Edcon continues to struggle in tough retail environment

This article was written by Colleen Goko for BD Live



IT HAS been a little more than three months since Edcon’s 2016 financial year calendar came to a close, but the highly indebted retailer has yet to release its results.

The company, which delisted from the JSE in 2007 when private equity group Bain Capital bought it for R25bn, is under no obligation to publicise its financials, but as SA’s largest nonfood retailer, market players are interested. In the third quarter, ended December 2015, Edcon reported a 1.7% decline in sales, and a 17% plunge in trading profit, compared with the year-earlier period. Cash sales rose 4%, while credit sales, which make up just more than 30% of all sales, fell 9.9%.

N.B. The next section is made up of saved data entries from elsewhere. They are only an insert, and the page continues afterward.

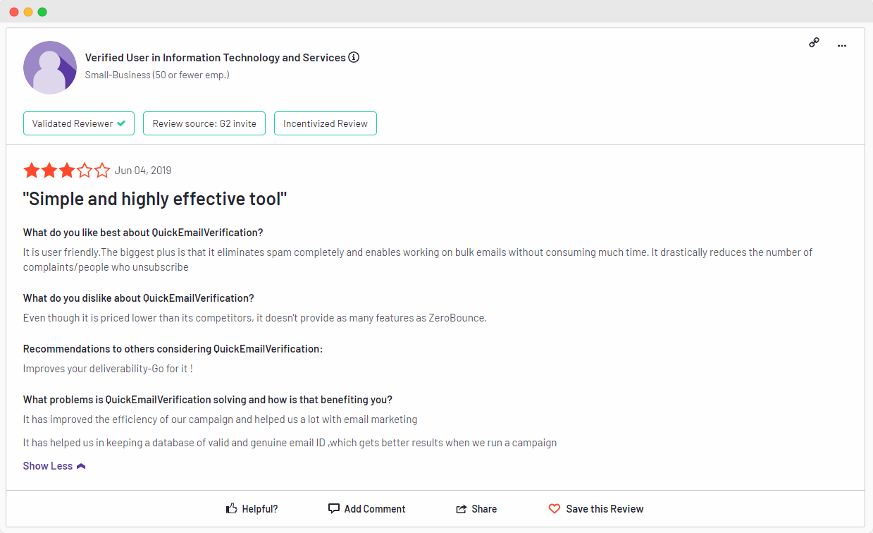 - A los usuarios les resulta fácil integrar QuickEmailVerification en sus sistemas y flujos de trabajo existentes.
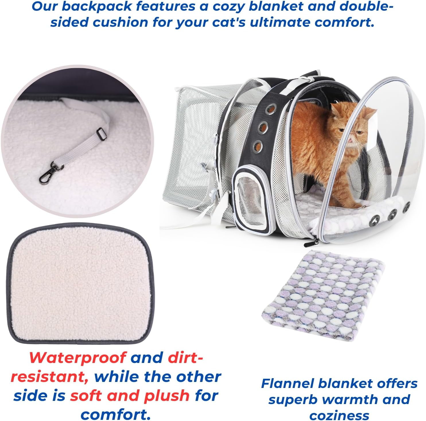 - Panoramic Bubble Window: Soft yet durable cat carrier backpack with a crystal-clear bubble window lets curious cats/dogs safely observe surroundings; Ideal for stress-free vet trips or airplane travel
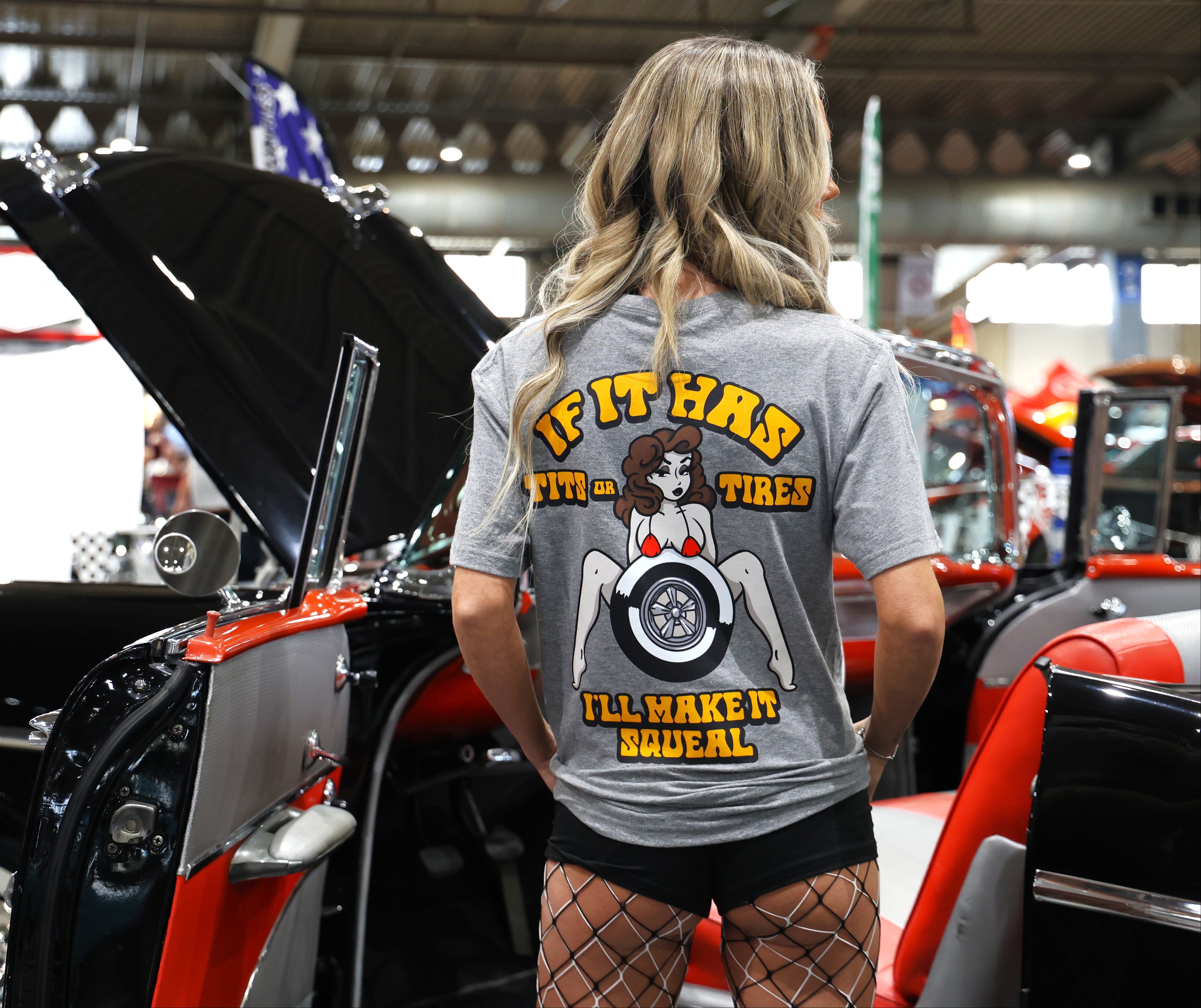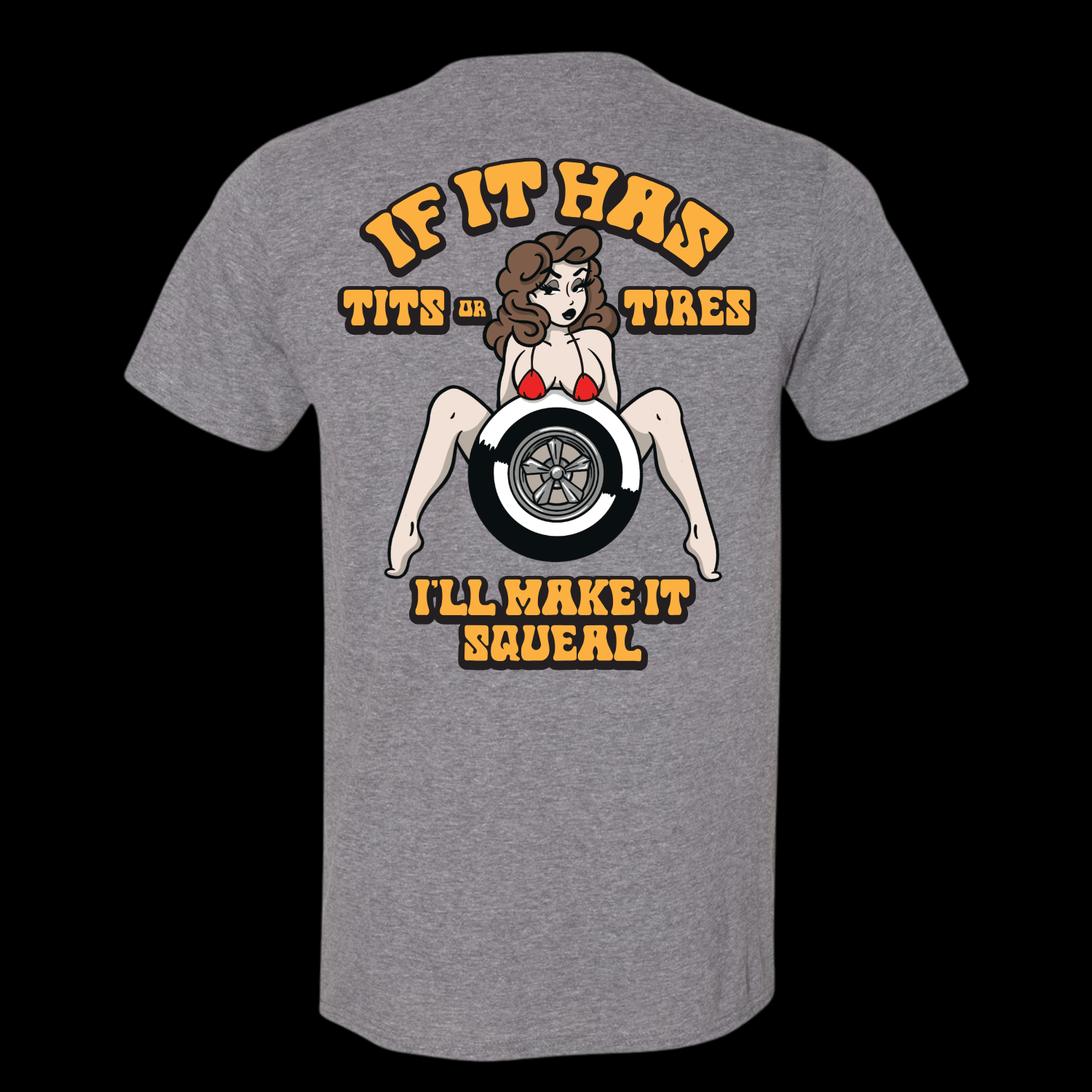 If it has tits or tires, you already know where your attention’s going — and this tee isn’t shy about it. The Tits or Tires Tee is pure garage humor with zero corporate filter, built for the crowd that grew up around dirty jokes, loud engines, and unapologetic car culture. The bold back graphic throws a cheeky pin-up and a screaming tire front and center with a line that says exactly what everyone’s thinking but won’t say out loud. Clean Revheads hit on the chest, chaos on the back, and absolutely no interest in being politically correct. This is for show nights, burnout pits, and people who think modern car culture’s gotten a little too tame. If you’ve got the confidence to wear it, you’re probably our kind of people — if not, there are safer shirts out there. This one’s meant to make a little noise.

In the period under review, the retailer also asked its bondholders to accept a deferral in interest payments until the end of the year.

FNB Investment analyst Chantal Marx said this had been done to provide Bain Capital time to explore a number of options including the possible sale of all or some of the business. Edcon’s retail divisions include Edgars, Red Square, Boardmans, Jet and Legit. Edcon is also the owner of CNA.

The retail environment in SA has become extremely competitive, with entries from foreign players. Companies compete on how quickly they can spot trends, and stock shelves accordingly. Edgars has been slow to do this, which has ultimately hurt its bottom line.

Sasfin Wealth equity analyst Alec Abraham said Edgars’s traditional apparel retail model included sourcing from low-cost regions, such as Asia. He said this meant there was a long waiting period between placing an order and receiving the merchandise.

“Trends had to be predicted far in advance, often leading to fashion misses, or by the time the merchandise was in-store, the fashion trend was often over, so the retailer was forced to put the clothes on sale to coax customers by low prices to buy the merchandise in order to clear space for the next season’s merchandise,” said Abraham.

He said, in general, if a retailer had too many sales, consumers began to believe there was no rush to buy, as a better deal would come along.


“(This makes) it harder for retailers to break ranks and increase prices, at the risk that other retailers will not follow, and thus risk losing sales. This entrenched promotional activity is damaging to retail profitability,” he said.

The third-quarter financials were the first set of results released under the leadership of CEO Bernard Brookes, who was formerly the CEO of Australia’s largest department store group, Myer. Announcing the departure of Brookes last year from Myer, chairman Paul McClintock hinted that under Brookes’s leadership, the department store had failed to adapt quickly to its customers’ needs.

“The board and management team have agreed that the transformation work has reached a pivotal point, and it is appropriate for a new CEO to be given the opportunity to own, lead and drive the transformation programme,” said McClintock.

Edcon’s fourth-quarter and full-year results for the period ended March 2016 are unlikely to show a vast improvement, as local consumer confidence remains at 2008-09 global recession lows, while the economy continues to struggle.

Looking ahead, the Reserve Bank is forecast to raise interest rates at its July meeting, which will decrease the amount of money moving in the economy, and reduce disposable income in households. 36One asset management analyst Daniel Issacs said Edcon was a big ship to turn around, and that significant change would take time.

Nico Smuts, also an analyst at the firm, said the company had recently amended the terms on its debt instruments, and may well do so again.

On Wednesday, Edcon announced it had launched a consent solicitation process to obtain up to R1.5bn in bridge financing from banks and bondholders. It asked bondholders of notes due in 2018 and 2019 to amend debt terms to allow for the new bridge financing, which will be in dollars and euros. Bondholders have until 5pm London time on July 8 to reply.

“This has alleviated some of the pressure on Edcon’s cash flows, but its overall level of indebtedness remains high. A more comprehensive restructuring may be required to stabilise the ship,” Smuts said.

Following the release of Edcon’s third-quarter results, Brookes said the retailer would be adopting a new operating model that included simplifying the business, becoming more customer-centric and retrenching staff in a bid to reduce costs. Edcon had not responded to questions from Business Day at the time of publication.